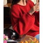 ニット セーター ボリュームスリーブ ラウンドニットトップス レディース
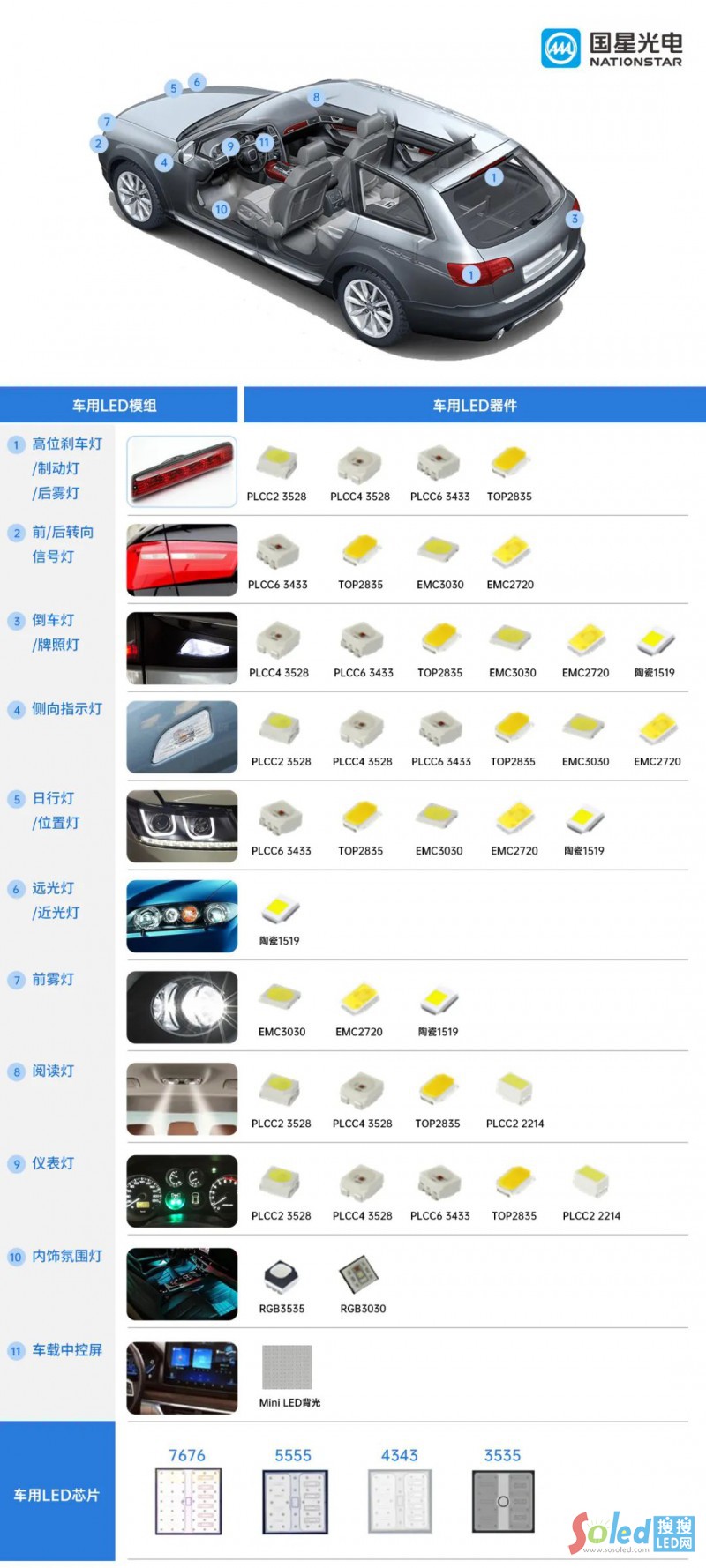國星光電已形成完善的汽車外飾LED產(chǎn)品線,該系列包括前照燈、遠近光燈、日行燈、示寬燈、側(cè)向指示燈、前后霧燈、前后轉(zhuǎn)向信號燈、前后位置燈、制動燈、倒車燈、牌照燈等
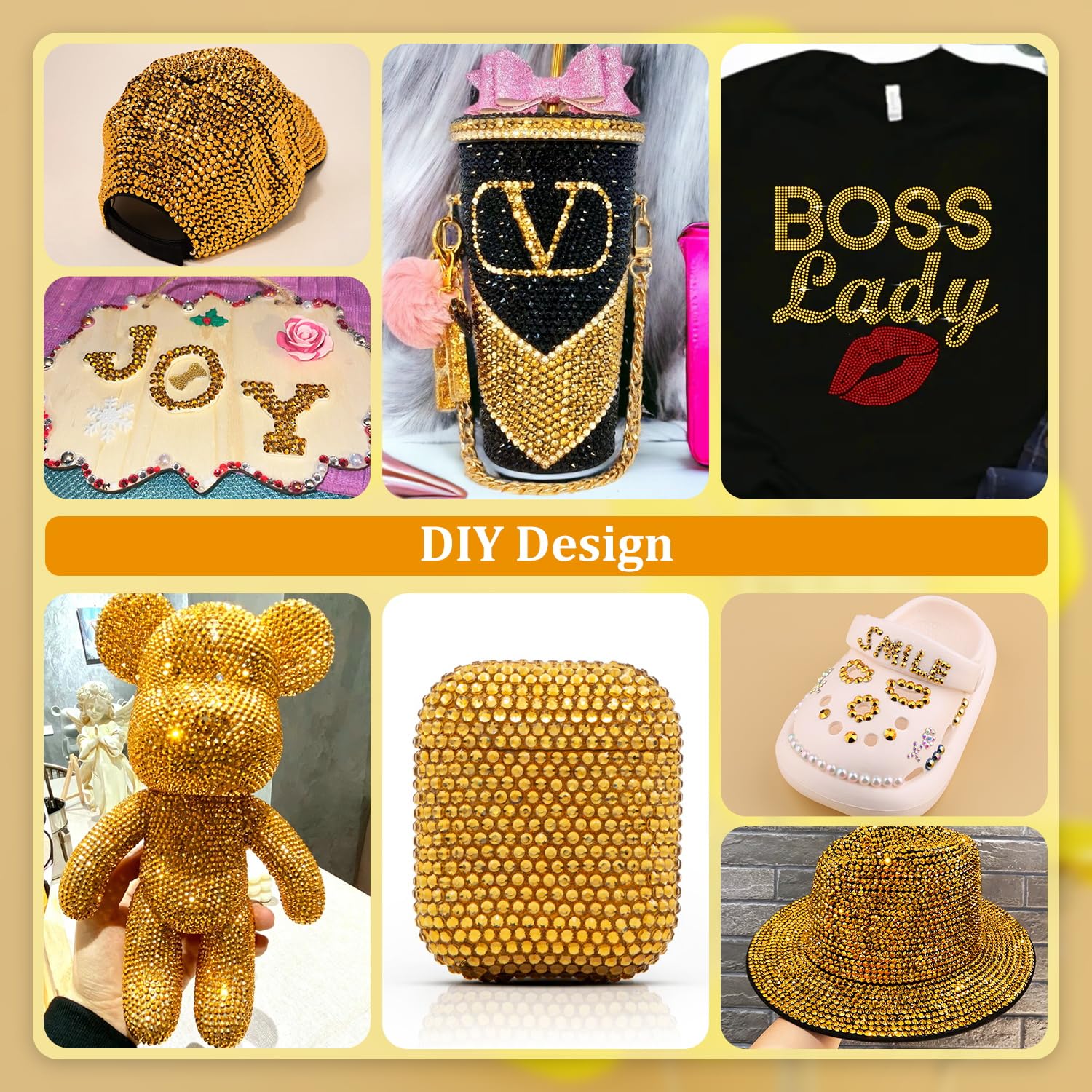 Resin Rhinestones for Crafting, 2 Boxeses Gold Multi Sizes Flatback Bedazzling Crystals for Crafts Nail Art Decoration, Non Hotfix Gems Charms for Tumbler Shoes Clothing Fabric Face Makeup

┄┄┄┄┄┄┄┄┄┄

Exercise
Write out exactly the lines from the line that contains "國星光電已形成完善的汽車外飾" to the last line of the material above, both included; pictures do not belong in the copy.

Task output
國星光電已形成完善的汽車外飾LED產(chǎn)品線,該系列包括前照燈、遠近光燈、日行燈、示寬燈、側(cè)向指示燈、前后霧燈、前后轉(zhuǎn)向信號燈、前后位置燈、制動燈、倒車燈、牌照燈等
 Resin Rhinestones for Crafting, 2 Boxeses Gold Multi Sizes Flatback Bedazzling Crystals for Crafts Nail Art Decoration, Non Hotfix Gems Charms for Tumbler Shoes Clothing Fabric Face Makeup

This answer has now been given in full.